Sexual Networks in Uganda: Mixing Patterns Between a Trading Town, its Rural Hinterland and a Nearby Fishing Village

Type Journal Article - International ournal of STD & AIDS
Title Sexual Networks in Uganda: Mixing Patterns Between a Trading Town, its Rural Hinterland and a Nearby Fishing Village
Author(s)
Volume 8
Issue 8
Publication (Day/Month/Year) 1997
Page numbers 495-500
URL http://std.sagepub.com/content/8/8/495.short
Abstract
The study was based in south-west Uganda where significant differences in HIV prevalence have been found between urban and rural areas. Longitudinal data collected in a diary format was used to determine the extent to which high-risk men and women living in a truck stop/trading town had sexual contact with people from surrounding rural areas and a nearby fishing village. Study participants were 143 men, 75 of whom were resident in the town, 40 in a fishing village and 28 in rural areas, and 81 women, of whom 47 were resident in the town, 25 in the fishing village and 9 in a rural area. During 1687 man weeks the 143 men made 3149 trips and had 5189 sexual contacts. Ninety-two per cent of these sexual contacts occurred in the man's current place of residence and 21% were with a new partner. The 81 women participated for 1280 women weeks during which they recorded 6378 sexual contacts. Women who lived in the fishing village and the rural area had around 90% of their contacts with local men while those who lived in the town fell into 3 categories: women who charged a relatively high price for commercial sex had only 11% of contacts with men living in the town, while those who charged a tenth of the price had 71% of contacts with town men.

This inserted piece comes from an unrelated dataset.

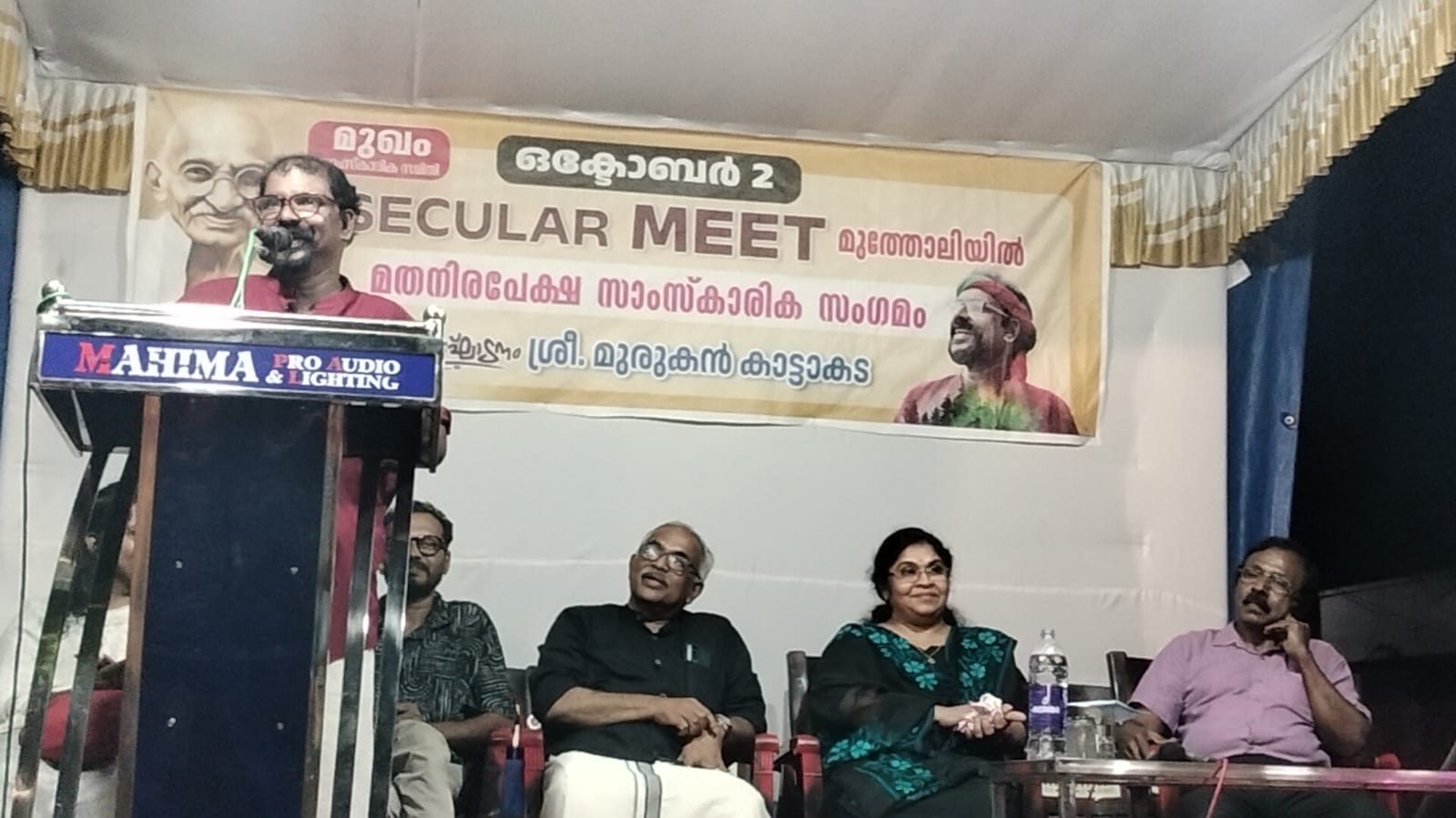 ഇന്ത്യയെയും കാവി വൽക്കരിക്കാൻ ശ്രമിക്കുമ്പോൾ അഫ്ഗാനിസ്താനാണ് ഓർമ്മയിൽ വരേണ്ടത് .ക്രിസ്തുവിനും 6000 വര്ഷം മുൻപ് സിന്ധു നദീതട നാഗരികത നില നിന്ന നാടാണ് നമ്മുടെ ഇന്ത്യ.ആ ഇന്ത്യയിൽ നിന്ന് വരുന്ന ഭരണ നേതാക്കൾക്ക് വൻ സ്വീകരണമാണ് വിദേശ രാജ്യങ്ങളിൽ ലഭിക്കുന്നത് .അത് ഭാരത സംസ്ക്കാരത്തിനുള്ള അംഗീകാരമാണ് .മതം രാഷ്ട്രമായി മാറ്റുവാൻ ശ്രമിക്കുന്നവർക്കെതിരെ ജാഗ്രത പുലർത്തണമെന്ന് മുരുകൻ കാട്ടാക്കട ആഹ്വാനം ചെയ്തു .യോഗത്തിനു മുൻപ് മതേതര കാൻവാസിൽ മുദ്രാവാക്യ രചന മുരുകൻ കാട്ടാക്കട ഉദ്ഘാടനം ചെയ്തു .നടി ഗായത്രി വർഷയും കണ്ണടകൾ വേണമെന്ന കവിത ശകലം കാൻവാസിൽ എഴുതി .

The small number of women who fell into an intermediate category, in terms of price, had sexual contact with a wide variety of men. These findings show that there is little scope for HIV infection to spread between different residential or occupational groups. This may help to explain how large differences in HIV seropositivity between neighbouring localities can be maintained for long periods, despite considerable social and economic mixing between groups and high levels of sexual partner change within groups.